*** Material for this task ***
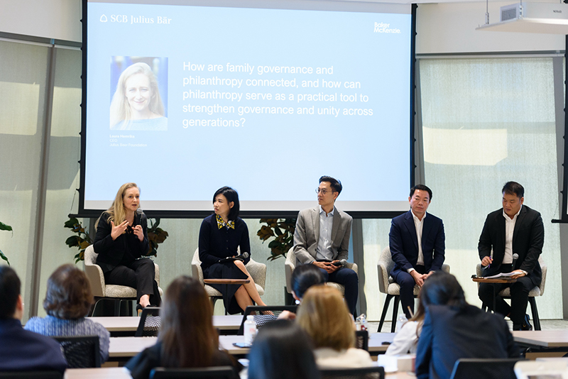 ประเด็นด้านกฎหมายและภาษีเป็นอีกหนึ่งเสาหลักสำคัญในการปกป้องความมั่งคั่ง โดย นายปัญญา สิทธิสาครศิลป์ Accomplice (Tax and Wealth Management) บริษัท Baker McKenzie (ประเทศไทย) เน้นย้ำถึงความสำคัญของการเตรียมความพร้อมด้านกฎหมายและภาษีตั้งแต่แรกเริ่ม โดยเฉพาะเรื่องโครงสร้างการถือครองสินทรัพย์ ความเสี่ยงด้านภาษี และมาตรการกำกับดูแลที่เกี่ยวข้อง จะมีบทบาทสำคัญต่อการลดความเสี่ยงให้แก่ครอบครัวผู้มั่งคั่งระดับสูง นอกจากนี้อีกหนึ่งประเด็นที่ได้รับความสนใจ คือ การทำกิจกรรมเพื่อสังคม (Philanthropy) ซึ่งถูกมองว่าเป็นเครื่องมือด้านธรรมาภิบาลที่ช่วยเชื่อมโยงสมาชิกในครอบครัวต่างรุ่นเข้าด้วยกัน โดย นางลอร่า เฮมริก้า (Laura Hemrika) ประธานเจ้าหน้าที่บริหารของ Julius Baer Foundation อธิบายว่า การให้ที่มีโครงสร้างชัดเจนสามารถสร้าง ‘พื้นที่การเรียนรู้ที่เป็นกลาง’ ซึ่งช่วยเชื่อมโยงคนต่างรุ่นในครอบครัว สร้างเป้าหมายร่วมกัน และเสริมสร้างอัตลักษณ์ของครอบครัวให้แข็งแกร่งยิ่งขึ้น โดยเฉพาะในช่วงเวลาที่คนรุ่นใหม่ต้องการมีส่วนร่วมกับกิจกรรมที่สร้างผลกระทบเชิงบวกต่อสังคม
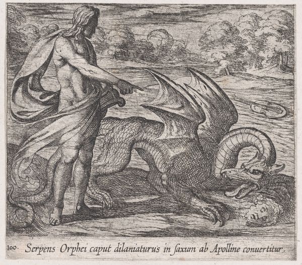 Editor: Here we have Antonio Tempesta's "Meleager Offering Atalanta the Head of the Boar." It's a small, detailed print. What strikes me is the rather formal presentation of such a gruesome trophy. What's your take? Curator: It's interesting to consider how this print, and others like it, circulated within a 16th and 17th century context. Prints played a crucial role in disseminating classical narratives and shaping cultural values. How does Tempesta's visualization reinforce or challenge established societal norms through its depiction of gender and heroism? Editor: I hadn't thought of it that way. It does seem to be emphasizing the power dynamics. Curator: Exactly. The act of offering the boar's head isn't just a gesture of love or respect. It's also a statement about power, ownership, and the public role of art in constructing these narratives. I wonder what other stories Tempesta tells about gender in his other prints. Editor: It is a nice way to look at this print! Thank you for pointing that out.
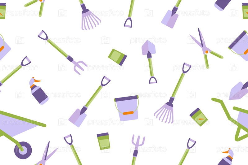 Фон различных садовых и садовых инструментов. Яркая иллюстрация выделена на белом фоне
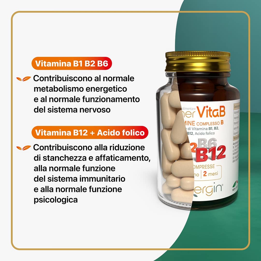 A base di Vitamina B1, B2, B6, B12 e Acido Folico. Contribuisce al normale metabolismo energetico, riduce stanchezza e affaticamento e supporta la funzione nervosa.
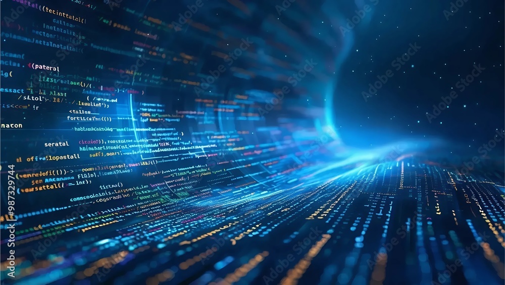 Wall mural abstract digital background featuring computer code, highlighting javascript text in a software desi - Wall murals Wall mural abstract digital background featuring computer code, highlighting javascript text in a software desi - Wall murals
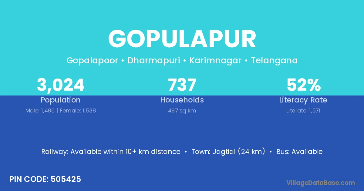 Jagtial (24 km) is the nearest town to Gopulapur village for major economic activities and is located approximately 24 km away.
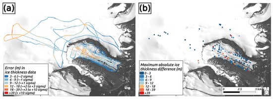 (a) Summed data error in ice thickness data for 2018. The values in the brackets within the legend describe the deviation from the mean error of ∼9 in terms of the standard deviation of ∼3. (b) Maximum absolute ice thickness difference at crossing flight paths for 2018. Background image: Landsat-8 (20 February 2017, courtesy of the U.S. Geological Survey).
*** End of Material for this task ***
=== What you need to do ===
Everything from the line with "Jagtial (24 km)" through the final line of the material is to be returned exactly, both ends included, apart from the pictures.

=== Result for this exercise ===
 Jagtial (24 km) is the nearest town to Gopulapur village for major economic activities and is located approximately 24 km away.
 (a) Summed data error in ice thickness data for 2018. The values in the brackets within the legend describe the deviation from the mean error of ∼9 in terms of the standard deviation of ∼3. (b) Maximum absolute ice thickness difference at crossing flight paths for 2018. Background image: Landsat-8 (20 February 2017, courtesy of the U.S. Geological Survey).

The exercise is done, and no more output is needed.